Like many immigrants, the New York City skyline was one of the first sights young brothers Edi and Etrit Demaj took in when they arrived in the U.S. more than 20 years ago. The pair, along with their family, had fled violence in their native Kosovo, and they still remember the view as their plane flew overhead.

“The first building that we saw was the Empire State Building,” Etrit recalls.

The Demaj family soon settled in Detroit, where the brothers completed their education and started various companies, including their latest, Kode Labs, which integrates and automates various systems in commercial buildings — including the Empire State Building.

“That’s the American dream,” Etrit said.

When the Demaj brothers founded Kode in 2017, they sought to bring building management into the cloud era. They set about developing a suite of software that digests data from various internet-connected parts of a building’s operation, including air handlers, fire alarms, elevators, occupation sensors, EV chargers and more, and then controls them in a way that wrings efficiency out of the systems. Kode claims that it can talk with more than 130 different systems.

The brothers liken it to an OS that integrates building systems like a computer OS integrates various circuit boards.

“What we’re trying to do is bring in data and normalize it, index it, use that data to build applications on top of it to make the operating system more useful, to drive energy efficiency, while creating amazing experiences,” Edi told TechCrunch.

Commercial buildings might seem like clean neighbors, but they generate 16% of all carbon pollution in the U.S., according to the EPA. The way many are operated is not just environmentally damaging, it’s also fiscally unsound.

Today, commercial buildings are riddled with inefficiencies of the sort that automation could address. In the process, owners would not only stand to trim their carbon emissions, but save piles of cash.
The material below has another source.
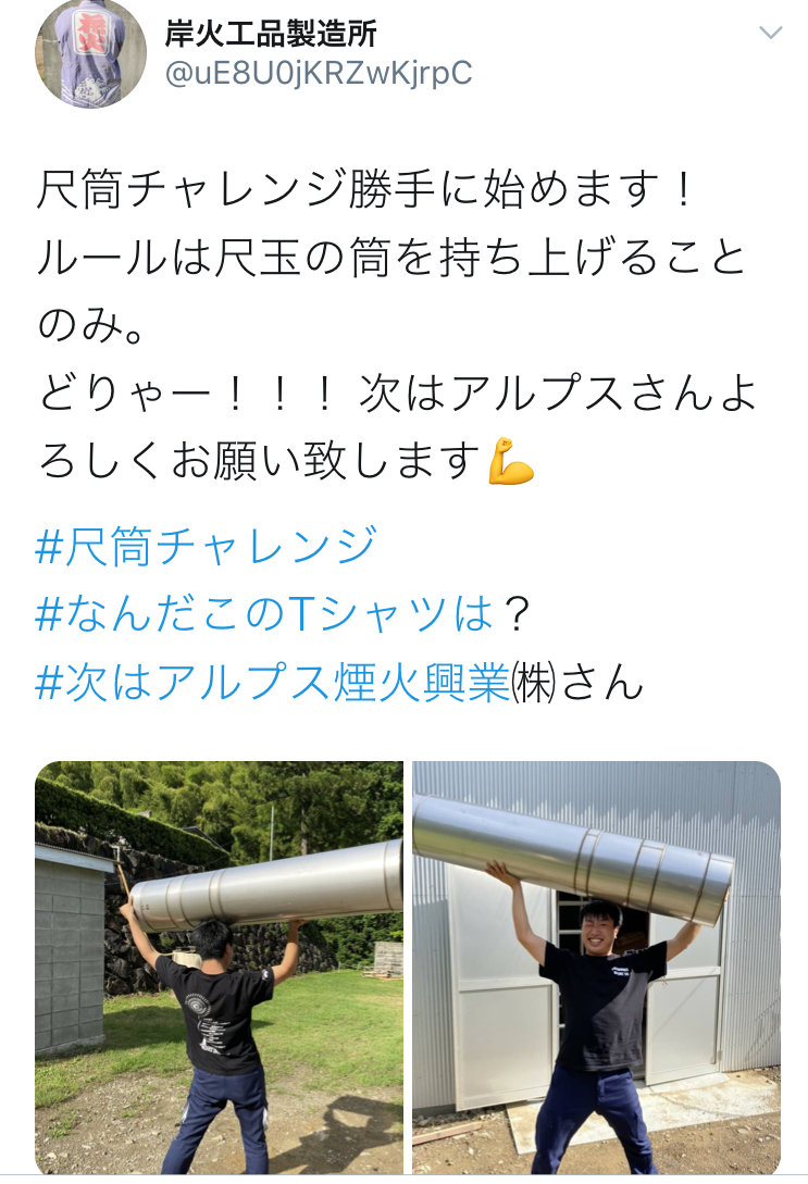2020/06/27 12:18花火師さん達による、「 #尺筒チャレンジ 」 が行われています!僕たちもバトンが回されていくのを楽しみに見いてますw花火師さん達は、感動を与える作品を創り出すアーティストであって人を喜ばせる事が好きな人達なんだなって思います!こうした普段見えないところから人柄なんかも見えてくる気がして、さらに花火と花火師さんを好きになってきましたwぜひ皆さんもチェックしてみてくださいね! もっと見る

Between 2020 and 2050, global adoption of automation could cut carbon by 9.5 billion to 14 billion metric tons and save owners at least $2.3 trillion, according to Project Drawdown.

Kode has also developed a range of applications to run on its platform, allowing customers to monitor energy use, track carbon emissions and keep an eye on water consumption. Not only do these help keep a lid on costs, some of the data is necessary to comply with laws in various cities, including New York City, where Local Law 97 will require buildings over 25,000 square feet to cut their carbon emissions by 40% by the end of the decade.

“With all the goals and the laws in place in many different locations and areas, they have no choice but to continue going this route,” Etrit said.

Already, the company’s software is used by building managers and owners on five continents, and its customers include Fortune 100 companies and higher education institutions, Etrit said. The company has been profitable from day one, he added. Customer churn is “zero percent,” Edi said, and annual recurring revenue has grown 200% every year for the last three years.

Kode’s business model is similar to Salesforce’s, Edi said, with customers first paying an implementation fee that’s negotiated based on the size of the property portfolio and then paying recurring fees based on how many square feet are under management and the number of applications the customer chooses to use.

Kode has grown significantly since raising its $8 million Series A in 2022, with more than 40 employees in Detroit, 150 in Kosovo and a handful more in other countries.

Sensing an opportunity to grow quickly, Kode recently raised a $30 million Series B, TechCrunch has exclusively learned. The round was led by Maverix Private Equity with participation by I Squared Capital and Telus Ventures. The startup plans to use the funds to expand its app marketplace and further develop its use of AI to optimize building operations.